OLMES AI: We present OLMES (Oracle LLM Evaluation System), a novel approach that uses LLMs to evaluate the correctness of other LLMs on complex tasks such as mathematics, reasoning, and code. OLMES is particularly well-suited for cases where the answer space is large or otherwise not amenable to string-matching or automatic checking. OLMES treats an LLM as an oracle that makes judgements on the correctness of model responses. It is a generalizable system for using LLMs to evaluate the correctness of other LLMs.
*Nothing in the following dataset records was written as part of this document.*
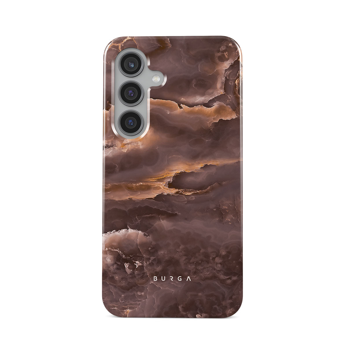 The bonfire starts to flicker – it's time to gather more wood. With a brown marble Samsung Galaxy S24 Plus phone case design inspired by a bonfire flame, carry a feeling of content and excitement wherever you go. The protective case is needed in a hike, but a stylish accessory will match your aesthetic even on a lazy Sunday.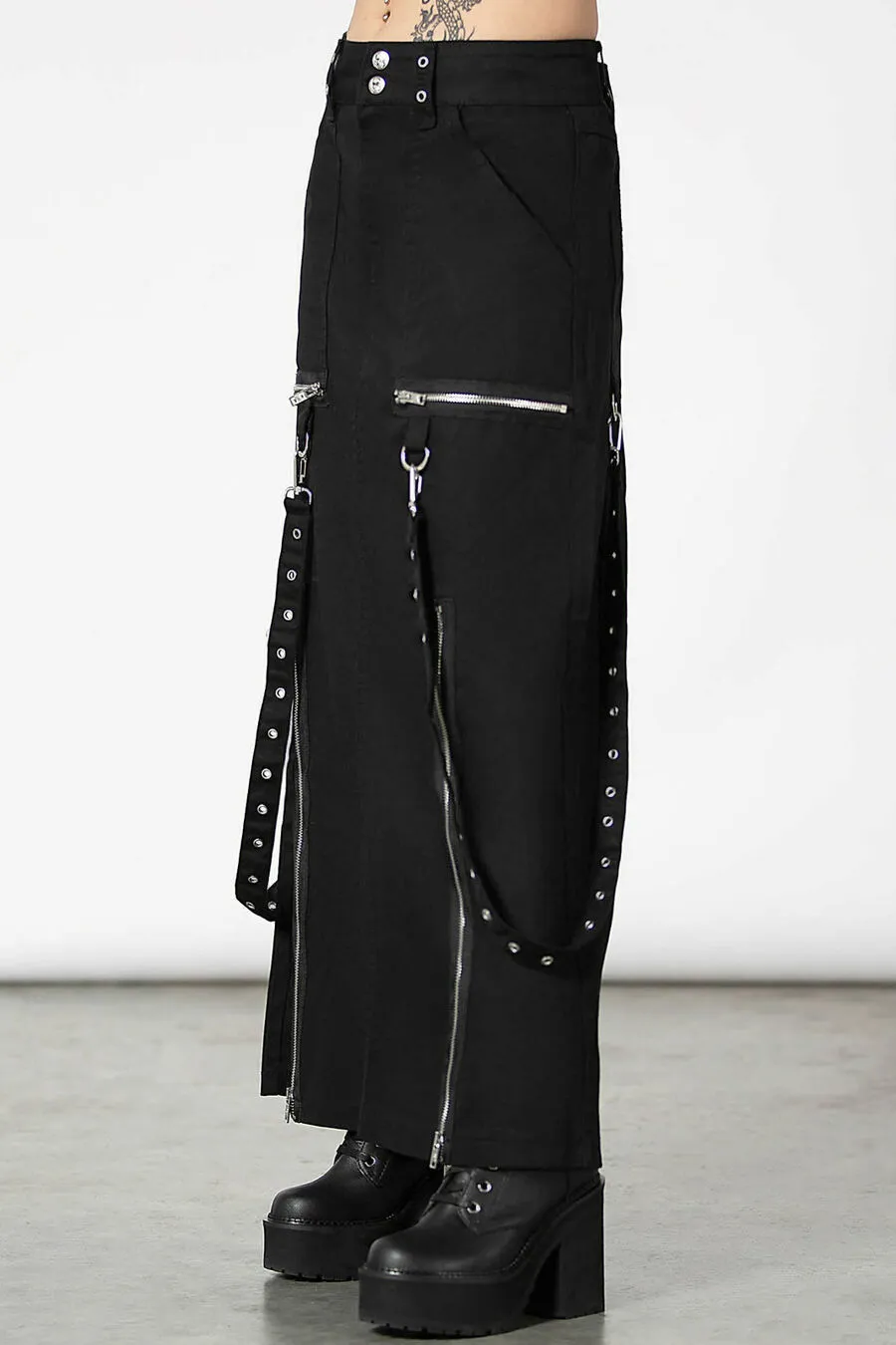 Longue jupe en tissu denim noir de belle qualité par Killstar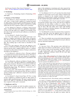 ASTM D3330/D3330M-04(2018) is a standard published by ASTM International. Its full title is "Standard Test Method for Peel Adhesion of Pressure-Sensitive Tape". This standard covers: SIGNIFICANCE AND USE 5.1 These test methods are tools for quality assurance use. Given specific pressure-sensitive tape and a requirement in terms of the minimum or maximum peel value expected for this tape, the data from the test can be used in conjunction with acceptance criteria. 5.2 Test Method A, B, C, E, or F can show the relative bond strength of a given tape to one or more surfaces (material and texture) as compared to the standard stainless steel panel. Substitution of representative samples of materials in question for the standard steel panel would suffice to do this. 5.3 Test Methods A, B, C, E or F cannot be used to compare two pressure-sensitive tapes of the same type but of different manufacture for their ability to adhere to a surface. This is because the measured peel force is not normalized for a fixed area of stress. The area under stress varies with backing stiffness and adhesive rheology (firmness). Two different tapes seldom agree in these properties. 5.4 Test Method D can show the amount of force required to remove a liner that covers the adhesive side of a tape at a specified peel rate. The force will be different at other peel rates. 5.5 These test methods may not provide design information as there is usually no direct relationship between peel adhesion and any functional requirement. SCOPE 1.1 These test methods cover the measurement of the peel adhesion of pressure-sensitive tapes. 1.1.1 Test Method A gives a measure of the adherence, when peeled at 180° angle, to a standard steel panel or to other surface of interest for a single-coated tape. 1.1.2 Test Method B gives a measure of the adherence to the backing of a single-coated tape. 1.1.3 Test Method C gives a measure of the adherence of double-coated tape to a standard steel panel or other surface of interest. 1.1.4 Test Method D gives a measure of the adherence of the release liner to the adhesive of either single- or double-coated tape. 1.1.5 Test Method E gives a measure of the adherence of an adhesive transfer tape to a standard steel panel or other surface of interest. 1.1.6 Test Method F gives a measure of the adherence, when peeled at 90° angle, to a standard steel panel or other surface of interest for a single-coated tape. 1.2 These test methods provide a means of assessing the uniformity of the adhesion of a given type of pressure-sensitive adhesive tape. The assessment may be within a roll of tape, between rolls, or between production lots. 1.3 Variations in either the tape backing or the adhesive, or both, affect the response. Therefore, these test methods cannot be used to pinpoint the specific cause(s) of non-uniformity. 1.4 These test methods may not be appropriate to test tapes having relatively stiff backings, stiff liners, or backings showing high stretch at low forces. These characteristics will result in a high variability for the test response which is not a true indication of the real nature of the adhesive bond. 1.5 Values stated in either SI or inch-pound units are to be regarded separately as standard. The values stated in each system may not be exact equivalents, therefore, each system must be used independently without combining values in any way. 1.6 This standard does not purport to address all of the safety concerns, if any, associated with its use. It is the responsibility of the user of this standard to establish appropriate safety, health, and environmental practices and determine the applicability of regulatory limitations prior to use. 1.7 This international standard was developed in accordance with internationally recognized principles on standardization established in the Decision on Principles for the Development of International Standards, Guides and Recommendations issued by the World Trade Organization Technical Barriers to Trade (TBT) Committee.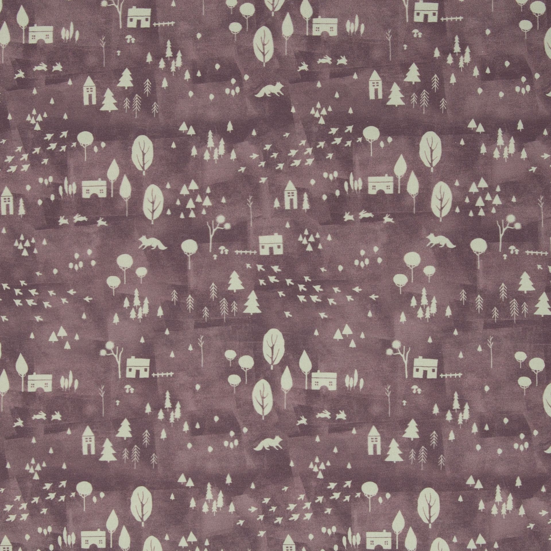 Dieser Baumwolljersey von Swafing entführt uns in eine idyllische Waldlandschaft. Auf einem zarten, fliederfarbenen Hintergrund sind in zartem Weiß silhouettenhafte Bäume, ein kleines Haus und verspielte Waldtiere wie Hasen und ein Fuchs abgebildet. Das dezente Farbspiel und die verspielten Motive machen diesen Stoff zu einem echten Hingucker und verleihen jedem Nähprojekt einen Hauch von Romantik und Naturverbundenheit.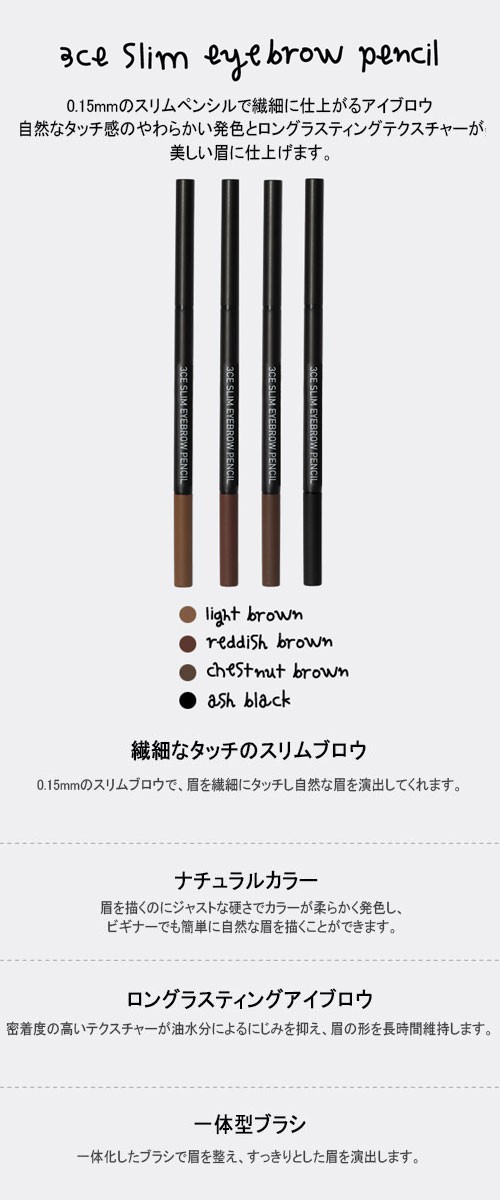 【韓国直送】韓国コスメ 3CE SLIM EYEBROW PENCIL (スリム アイブロウ ペンシル/全4色1択)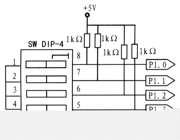 图3为单片机地址设置电路,单片机STC89C52的P1口的低4位用于设定本机地址,通过4位DIP开关的组合最多可设定16种地址。如当4位开关全部断开时,对应的本机地址是11 11。下位单片机在开始工作前需先设定自己的地址,这样,在开机自检时下位单机片就能获取本机地址。

OLMES is fundamentally an LLM-as-judge system that is (1) carefully engineered to maximize accuracy and (2) calibrated so that its confidence scores accurately reflect the probability that a judgment is correct. We first prompt a strong, capable model to use a rubric and give its assessment of a problem-solving attempt, as well as its confidence. Then in a novel innovation, we use the concept of Bayesian updating to create a meta-evaluation of this initial evaluation, and come up with a more accurate confidence score. We do this by using LLM evaluators of two types: 1. First-party evaluator: This is the same LLM that we're evaluating, so a GPT-4 is evaluating another GPT-4's solution. 2. Third-party evaluator: This is a different LLM than the one we're evaluating. This can sometimes see patterns that the first-party evaluator misses. We find that OLMES is competitive with and sometimes even exceeds human evaluation on our testing benchmarks. Across our tasks it averages over 90% accuracy in grading model responses. • Self-reported

80.9%

Reasoning

Logical reasoning and analysis

BIG-Bench Hard

OLMES () • Self-reported

69.1%

DROP

# OLMES () OLMES — LLM [Tyen et al., TACL 2023], OLMES : 1) 2) 3) 4) : - () - • Self-reported

59.4%

Other Tests

Specialized benchmarks

AIME 2024

Not specified • Self-reported

81.2%

AlpacaEval 2.0

Score • Self-reported

62.7%

Arena Hard

Arena Hard - evaluation AI: I'll translate the text according to the requirements • Self-reported

57.6%

AttaQ

Not specified (OLMES) • Self-reported

88.5%

HumanEval+

# OLMES OLMES (), OLMES "" OLMES, "" (). evaluation • Self-reported

86.1%

IFEval

# OLMES OLMES () — LLM, OLMES : LLM. ## OLMES? OLMES : ``` ``` LLM: 1. 2. 3. ## ? OLMES LLM OLMES LLM ## OLMES - ****: ****: ****: LLM. - ****: ## OLMES OLMES : - **OLMES**: "" - **OLMES**: "" - **OLMES**: "" ## • Self-reported

74.8%

MATH-500

Not specified • Self-reported

69.0%

PopQA

Score • Self-reported

26.2%

License & Metadata

License

apache_2_0

Announcement Date

April 16, 2025

Last Updated

July 19, 2025

Similar Models

All Models

Granite 3.3 8B Base

IBM

MM8.2B

Best score:0.9 (HumanEval)

Released:Apr 2025

IBM Granite 4.0 Tiny Preview

IBM

7.0B

Best score:0.8 (HumanEval)

Released:May 2025

Phi-4-multimodal-instruct

Microsoft

MM5.6B

Released:Feb 2025

Price:$0.05/1M tokens

Gemini 1.5 Flash 8B

Google

MM8.0B

Best score:0.4 (GPQA)

Released:Mar 2024

Price:$0.07/1M tokens

Gemma 3n E2B

Google

MM8.0B

Best score:0.5 (ARC)

Released:Jun 2025

MedGemma 4B IT

Google

MM4.3B

Released:May 2025

Gemma 3 4B

Google

MM4.0B

Best score:0.7 (HumanEval)

Released:Mar 2025

Price:$0.02/1M tokens

Gemma 3n E4B Instructed LiteRT Preview

Google

MM1.9B

Best score:0.8 (HumanEval)

Released:May 2025

Recommendations are based on similarity of characteristics: developer organization, multimodality, parameter size, and benchmark performance. Choose a model to compare or go to the full catalog to browse all available AI models.